3. 1883—Oil on board; 80 × 150 cm; Alte Nationalgalerie, Staatliche Museen zu Berlin.
4. 1884—Oil on copper; 81 × 151 cm; destroyed in Berlin during World War II.
5. 1886—Oil on board; 80 × 150 cm; Museum der bildenden Künste, Leipzig.
6. (with Carlo Böcklin) 1901—Oil on canvas; Hermitage (General Staff building), Saint Petersburg.

==Admirers==
The painting has attracted a wide variety of admirers. Freud kept a reproduction in his office; Lenin had one above his bed; Hitler bought one of the originals. Vladimir Nabokov wrote that reproductions of the painting could be “found in every Berlin home”.

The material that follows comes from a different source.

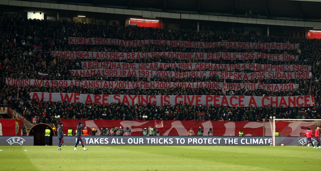 3月17日,在塞爾維亞首都貝爾格萊德舉行的一場足球比賽中,塞爾維亞觀眾拉起多條橫幅,細(xì)數(shù)美國、北約過去幾十年來轟炸或挑起戰(zhàn)爭的國家和地區(qū)名單,并高唱反戰(zhàn)歌曲,以此諷刺西方在“反戰(zhàn)”方面的雙重標(biāo)準(zhǔn)。新華社發(fā)(普雷德拉格·米洛薩夫列維奇攝)

== Works inspired by Isle of the Dead ==

===Paintings===
- Salvador Dalí's 1932 painting The True Painting of "The Isle of the Dead" by Arnold Bocklin at the Hour of the Angelus is inspired by Böcklin's work.
- The Swiss artist H. R. Giger created two versions of the picture, Island of Death (1975) and Hommage à Böcklin (1977), in his typical biomechanical style.
- Australian Surrealist painter James Gleeson drew a parallel with the painting and the entrance to the underworld in the Aeneid in his 1989 work Avernus Transvisioned as Böcklin's Isle.

===Drama===
====Ballet====
- Liam Scarlett’s final work for San Francisco Ballet was Die Toteninsel (2019), inspired by the symphonic poem of Rachmaninoff as well as the painting.

====Film====
- The design of Skull Island in King Kong (1933) was influenced by Isle of the Dead.
- Val Lewton, a producer best known for his horror films, used the painting in scene backgrounds for his 1943 I Walked with a Zombie, a Jacques Tourneur film about zombies inhabiting an island. His 1945 film Isle of the Dead, directed by Mark Robson, was inspired by and named for the painting. The work serves as a backdrop to the picture's title sequence.
- The painting has inspired two National Film Board of Canada animated shorts. It is the actual backdrop for Norman McLaren's A Little Phantasy on a 19th-century Painting (1946). Animator Craig Welch has stated that both the painting and McLaren's film were inspirations for his 1996 short How Wings Are Attached to the Backs of Angels.
- The Piano Tuner of Earthquakes references the painting in its set design and lighting for the villain's personal island.

===Literature===
- Roger Zelazny used the picture as an inspiration for the meeting place of two mythological beings (one of them the alter-ego of the protagonist, Francis Sandow) in his novel Isle of the Dead (1969). In-universe, Sandow references the painting as he recollects having created the world where it lies.

===Music===
- Dezso d'Antalffy, a Hungarian Romantic composer, wrote a symphonic poem "Die Toteninsel" in 1907.
- Sergei Rachmaninoff composed a symphonic poem Isle of the Dead, Op. 29 (1909), inspired by a black-and-white print of the painting. He said that had he seen the colour original, he probably would not have written the music.
- One of the four tone poems of German composer Max Reger's Vier Tondichtungen nach A. Böcklin (Op. 128, 1913) is "Die Toteninsel" (No. 3), based on the painting.
- French post-black metal band Alcest's Spiritual Instinct album takes major inspiration from the painting.

===Video games===
- The German survival horror video game SIGNALIS by rose-engine studio references all versions of the painting several times, as it plays a crucial role in understanding the relationship between the main character and her lover.